_DATASET EXTRACT:_
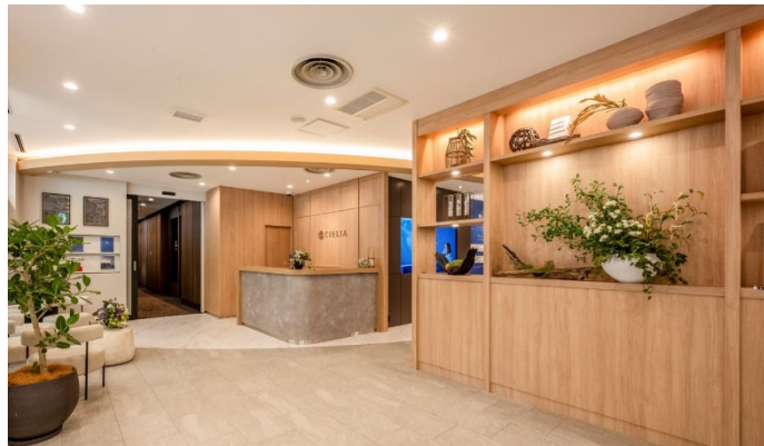
本サロンエントランス

当社は今後も関西電力グループの総合不動産デベロッパーとして、オール電化マンションの供給を通じ、安心して快適な暮らしを提供してまいります。本サロンの開設を契機に、東海圏での分譲住宅事業をより一層加速させてまいります。
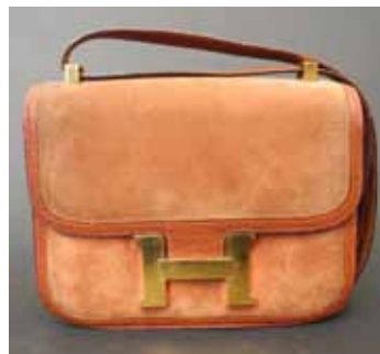
HERMES Paris Sac Constance en daim et cuir. 500 / 600 €
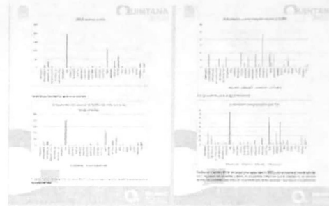
05/07/2022 Oficio para registro de avances en el SIPASEVCM de áreas internas de la SEGOB.
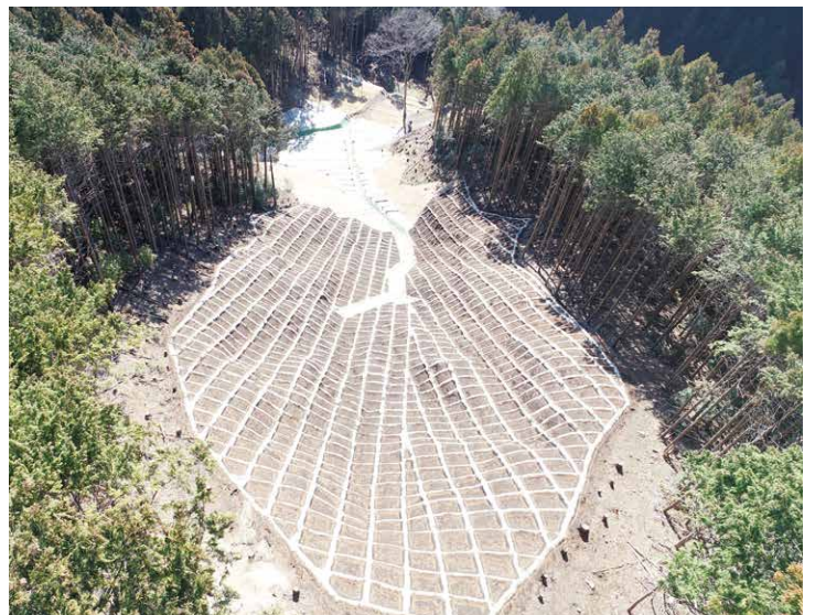
▲ドローンを使って撮影した完成工事写真です。新しい技術も取り入れています。

同じ内容の工事でも条件が良い場所、悪い場所様々です。工事に携わったからこそ分かる大変さがあるので完成した時の感動は何とも言えません。
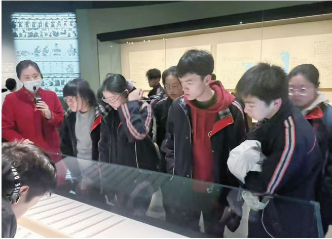
人工讲解持续升温

在文旅融合的时代浪潮下,“博物馆热”持续升温。3月份,湖北省博物馆当月观众接待量达到52万人次,其中年轻观众占比超过60%。如今,观众对博物馆的各项体验需求日益提高。讲解是观众读懂文物,理解博物馆的“刚需”。一些热门博物馆,不但一票难求,讲解也因难以预约而成为吐槽的对象。
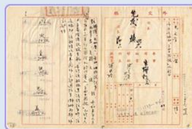
圖2 檔號：0044/443.5/9 案名：自由中國號帆船輸美 來源機關：外交部 管有機關：國家發展委員會檔案管理局

「自由中國號」原名「勝孝利號」，係28年在福州馬尾船廠出廠，輾轉賣到臺灣。周傳鈞以新臺幣(以下同)46,000元買下後，爭取其他資金來修復船體。原本，基隆市政府允贊助20,000元，惟須改名「基隆號」；後來，臺灣省政府支援45,000元，並將船名登記為「自由中國號」，以象徵自由的中華民國。44年4月4日，「自由中國號」在基隆碼頭舉行隆重的啟航典禮，空氣中瀰漫著一股令人興奮的氣息，現場萬人鑼動，注視著這艘備受禮遇的帆船，在漁管處「漁定輪」拖引下出港，並有基隆港務局等9艘船隻陪同，以及海軍「五四艦」、「五四五砲艇」在側護送(註2)。
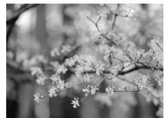
Nur ein Beispiel für viele heimische Pflanzenarten, die gut in den eigenen Garten passen: Die Kornelkirsche bietet Nahrung für Vögel und Insekten.

Einige Neophyten verbreiten sich unkontrolliert und verdrängen heimische Pflanzenarten. Dadurch geht nicht nur die biologische Vielfalt verloren, sondern es verschwinden auch wichtige Lebensräume und Futterquellen für heimische Insekten und Tiere. Denn diese sind durch das lange, eingespielte Miteinander eng an die heimische Vegetation gebunden und häufig auf diese spezialisiert. Nicht-heimische Pflanzen hingegen werden oft nicht angenommen und sind für die regionale Tierwelt wertlos.
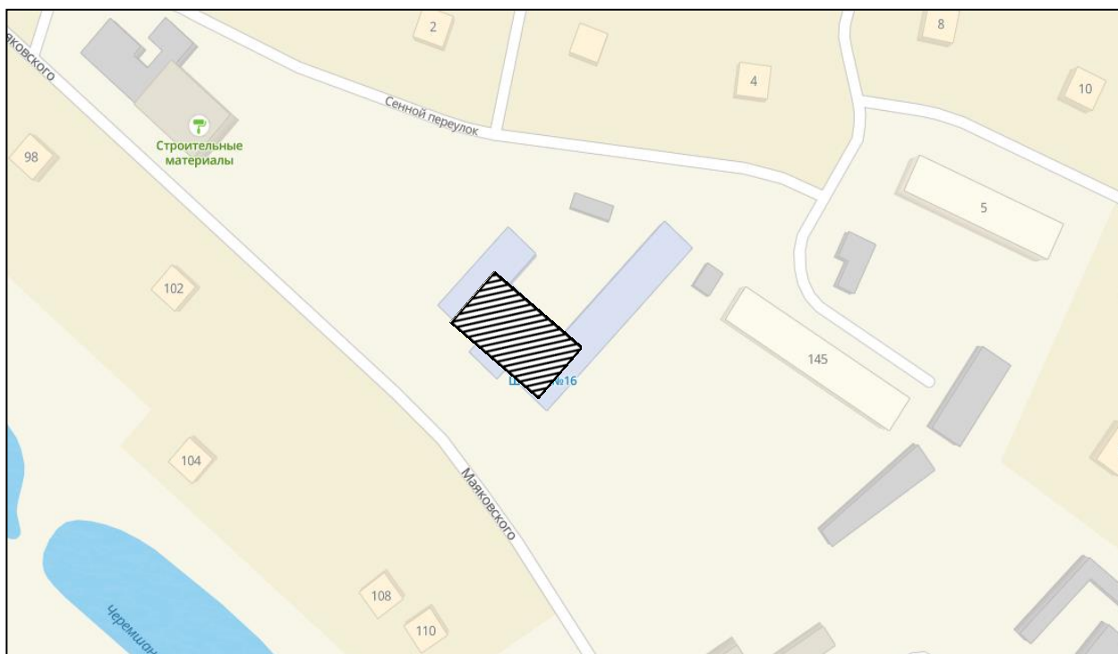
Схема границ территории муниципального образования «город Черемхово», на которой планируется реализовать инициативный проект «Коворкинг-центр (мобильный актовый зал)»
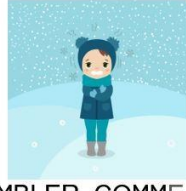
TREMBLER COMME UNE FEUILLE
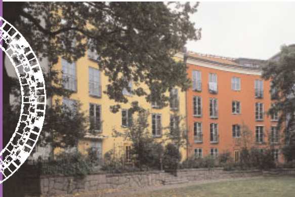
Sankt Eriksområdet har av många stämplats som pastisch men är enligt arkitekterna själva "ett försök att utveckla klassicismen". I bågen har man satsat på linoljefärgsmålade träfönster, en kvalitet man är ovan vid i det sena 1900-talets nybyggande.
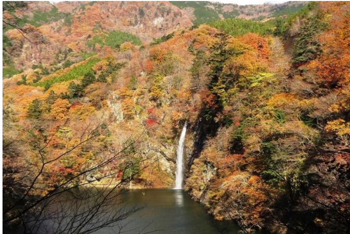
塩原溪谷遊歩道回顧コース「回顧の滝観瀑台」からの 箒川溪谷と回顧の滝。その上には、大正浪漫街道が見えます。

標高差のある塩原温泉郷の紅葉狩りは、多種多様な秋の森を同時に楽しむことができます。 秋の森の一期一会・・・どうぞ堪能ください。

_WORK INSTRUCTIONS:_ Only the lines from the one that contains "塩原溪谷遊歩道回顧コース「回" to the end of the entries above should be given again, exactly and in full.

_OUTPUT FOR THIS EXERCISE:_
塩原溪谷遊歩道回顧コース「回顧の滝観瀑台」からの 箒川溪谷と回顧の滝。その上には、大正浪漫街道が見えます。

標高差のある塩原温泉郷の紅葉狩りは、多種多様な秋の森を同時に楽しむことができます。 秋の森の一期一会・・・どうぞ堪能ください。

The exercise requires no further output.